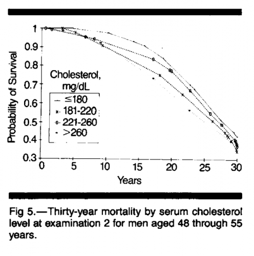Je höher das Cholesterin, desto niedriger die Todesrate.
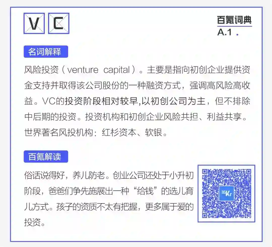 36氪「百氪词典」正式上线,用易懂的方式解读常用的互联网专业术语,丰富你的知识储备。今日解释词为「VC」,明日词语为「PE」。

==

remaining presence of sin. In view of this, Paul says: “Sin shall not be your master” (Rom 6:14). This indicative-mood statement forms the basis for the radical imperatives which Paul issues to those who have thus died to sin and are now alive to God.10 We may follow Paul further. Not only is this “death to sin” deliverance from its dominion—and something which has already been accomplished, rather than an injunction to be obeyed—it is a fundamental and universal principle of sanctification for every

* [REQUIRED WORK] Where a picture appears in the records above, omit it, and transcribe exactly the stretch of lines from the one with "Je höher das" through the one with "36氪「百氪词典」正式上线,用易懂的方式".

* [EXERCISE RESPONSE]
Je höher das Cholesterin, desto niedriger die Todesrate.
 36氪「百氪词典」正式上线,用易懂的方式解读常用的互联网专业术语,丰富你的知识储备。今日解释词为「VC」,明日词语为「PE」。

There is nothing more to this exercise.